Both, however, have left a mark. Okoyomon seeks out alternative worlds in their work, like the Surrealists (followers of Jarry) before them, and they are part of the Spiral Theory Test Kitchen, where multisensory dinners are intended to break down emotional and physical barriers between participants. “Art doesn’t happen just by yourself,” says Okoyomon. “You can’t build new worlds on your own.”
“The dinners are beautiful,” says Claude Adjil, the curator at large at Aspen (also a curator at large at the Serpentine in London). “They make any other dining experiences seem totally formulaic. There are tastes and colours you’ve never seen. Precious likes fruit and flowers.” The diners are required to feed each other. “That’s part of the spiralling,” says Okoyomon, “to create entanglements. I’m just trying to dream up new ways to dissolve away the communication norms.”
At the end of last year, Okoyomon spent three months in Arles, as an artist in residence with the LUMA foundation there. It is an elaborate arts campus, driven by the Swiss philanthropist Maja Hoffman, that occupies an old SNCF rail yard.
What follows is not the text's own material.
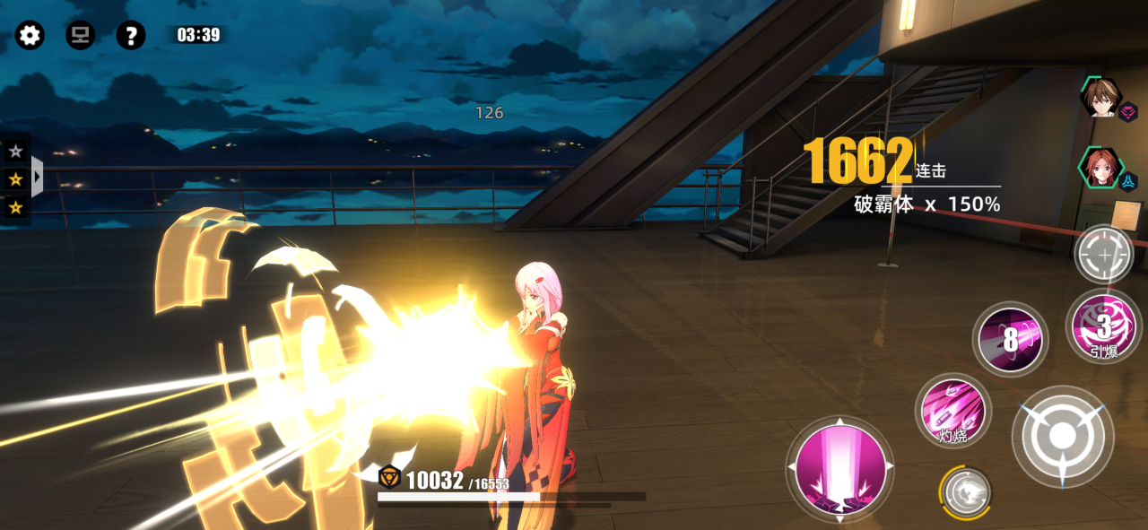 在实战中,楪祈要发挥连招的火力优势,首先要给敌方拉开距离,所以首先第一招发动一技能幽闭共鸣,在向后撤退的过程中向敌方发射八发子弹,并在剩下的两秒钟发射四发普通攻击,造成灼烧伤害。

To celebrate the completion of its one new building — a controversial and craggy tower by the American architect Frank Gehry — there will be an exhibition of new work. Okoyomon’s piece is “a sort of terrarium, a home for giant African snails. You can wheel it in and out of the building, so the snails can be outside sometimes, and they’ll be fed and taken care of.” Giant African snails, seen as invasive as kudzu in certain parts of the world, are banned right across the US.
There are no hills in Arles, but the nearby Camargue provided spiritual satisfaction for Okoyomon. “It made me write new poems, they feel like the winds, the mistral,” they say. “You feel like god is there.” They returned to New York, where they have a studio on Park Slope, Brooklyn, in December. The day after they got back, a neighbour ran over their dog, a toy poodle called Rainbow. They were destroyed by the experience for a while. “There’s something about the non-verbal communication of love,” says Okoyomon. “It’s beyond the human experience. It reminds you of the cosmic elements of life. I mean, I love language, but it has its limits.”